■ Provided material ■

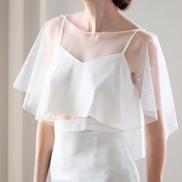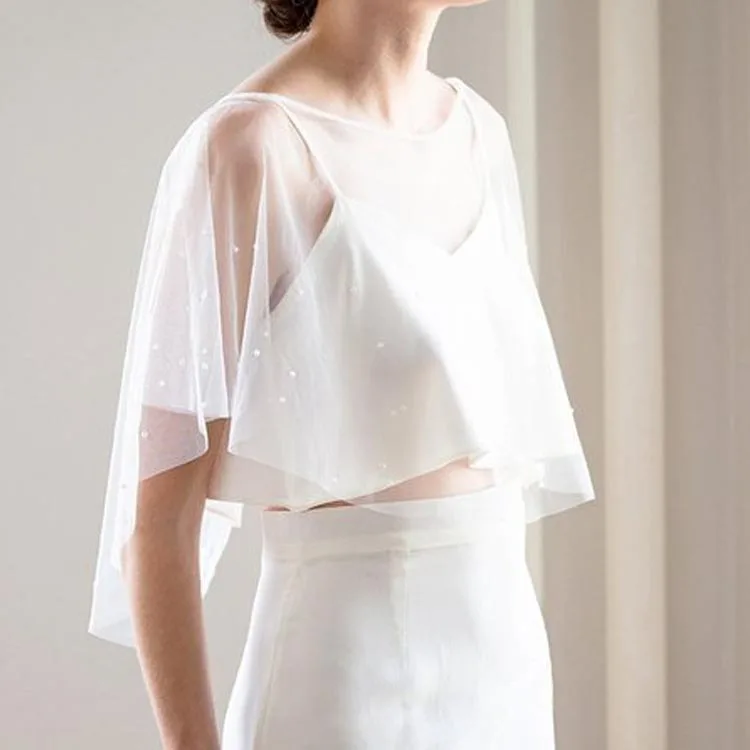 Жемчуг Тюль Свадьба обернуть Короткие выпускного вечера шаль, БОЛЕР...
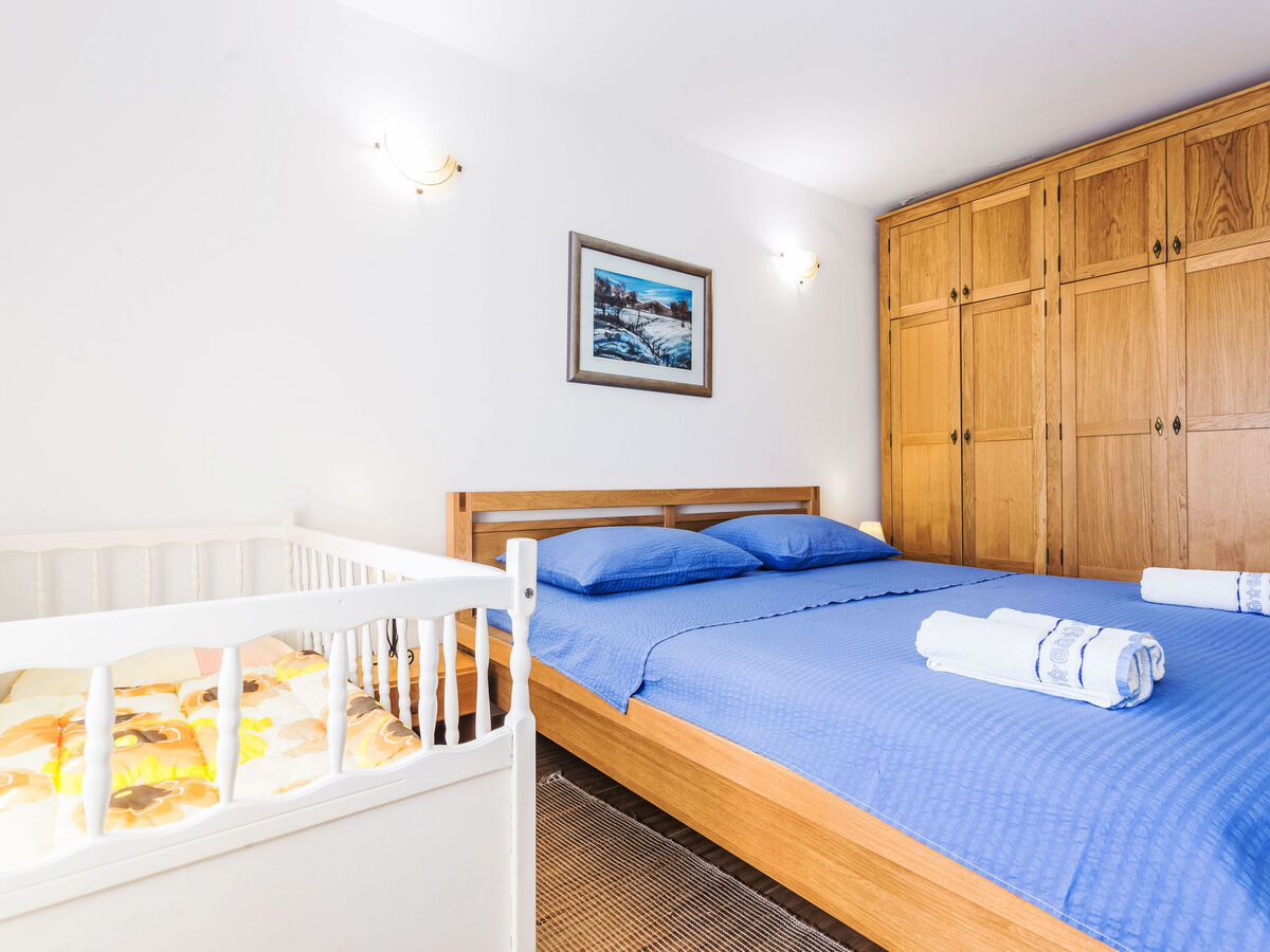 1 chambre avec 1 grand-lit (160 cm, longueur 200 cm).
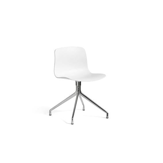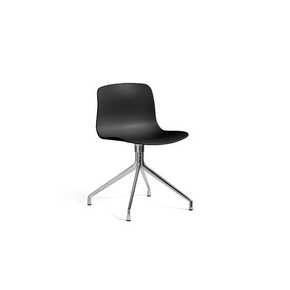 Featuring a swivel base in steel, the About A Chair AAC10 conveys a more formal expression than its wooden-legged counterparts from the series. Retaining the same open, curved shell and legs that fan out from the centred base. The cast aluminium swivel base is available in polished or powder coated finishes, and the polypropylene shell comes in diverse colour options, allowing a multitude of design combinations that make this series so versatile.
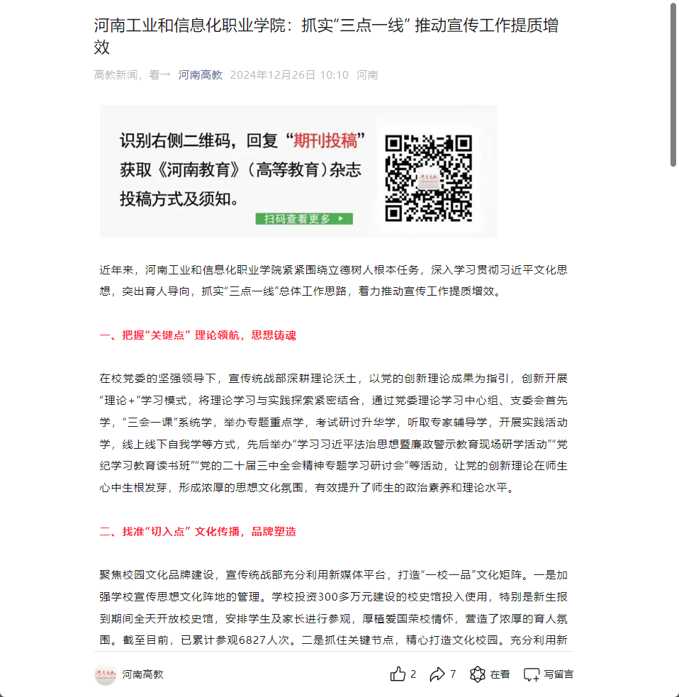 《河南高教 2024-12-26》报道我校抓实“三点一线” 推动宣传工作提质增效
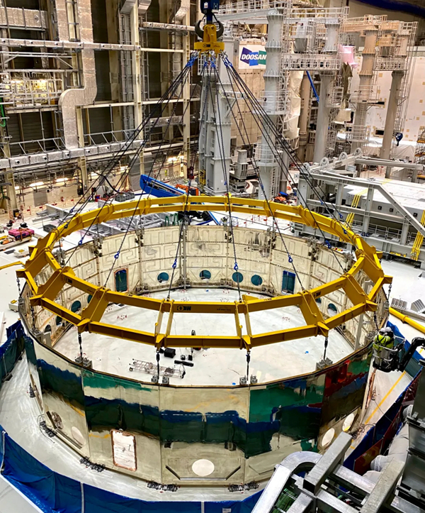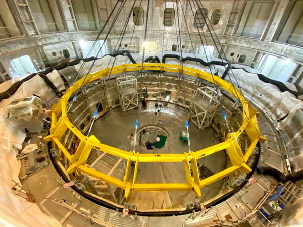 当地时间1月14日,在法国南部卡达拉舍,国际热核聚变实验堆(ITER)托卡马克装置第三个重大部件——杜瓦下部冷屏成功落位至杜瓦底座内侧上方,吊装工作圆满完成。杜瓦下部冷屏吊装是ITER计划重大工程安装启动仪式后的第二个重大部件安装,也是中核集团中国核电工程有限公司牵头的中法联合体在法国完成的2021年第一个重大节点和重大安装任务,为ITER计划的顺利推进再次贡献中国智慧和中国力量,体现了中国恪守国际承诺的责任担当。
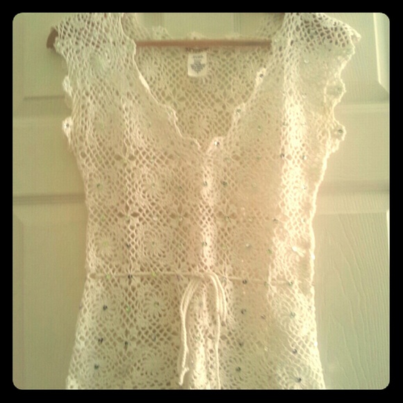 Ivory crochet top with silver sequin
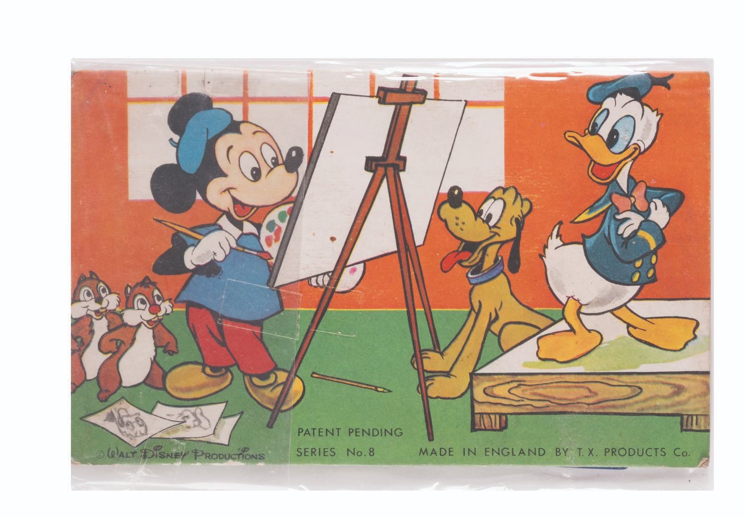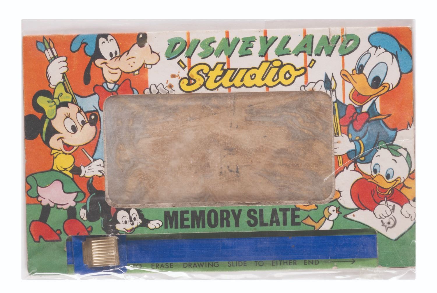(T.X. Products, 1950s) A Disneyland Studio Memory Slate by T.X. Products. Measuring 8.5”x5.5”, the toy displays in good condition with spots of discoloration and wear throughout, though non-functional due to aging of the internal overlay sheet.

■ Task statement ■
Begin at the line containing "Featuring a swivel" and write out every line to the end of the data exactly. Skip the pictures.

■ Answer box ■
 Featuring a swivel base in steel, the About A Chair AAC10 conveys a more formal expression than its wooden-legged counterparts from the series. Retaining the same open, curved shell and legs that fan out from the centred base. The cast aluminium swivel base is available in polished or powder coated finishes, and the polypropylene shell comes in diverse colour options, allowing a multitude of design combinations that make this series so versatile.
 《河南高教 2024-12-26》报道我校抓实“三点一线” 推动宣传工作提质增效
 当地时间1月14日,在法国南部卡达拉舍,国际热核聚变实验堆(ITER)托卡马克装置第三个重大部件——杜瓦下部冷屏成功落位至杜瓦底座内侧上方,吊装工作圆满完成。杜瓦下部冷屏吊装是ITER计划重大工程安装启动仪式后的第二个重大部件安装,也是中核集团中国核电工程有限公司牵头的中法联合体在法国完成的2021年第一个重大节点和重大安装任务,为ITER计划的顺利推进再次贡献中国智慧和中国力量,体现了中国恪守国际承诺的责任担当。
 Ivory crochet top with silver sequin
(T.X. Products, 1950s) A Disneyland Studio Memory Slate by T.X. Products. Measuring 8.5”x5.5”, the toy displays in good condition with spots of discoloration and wear throughout, though non-functional due to aging of the internal overlay sheet.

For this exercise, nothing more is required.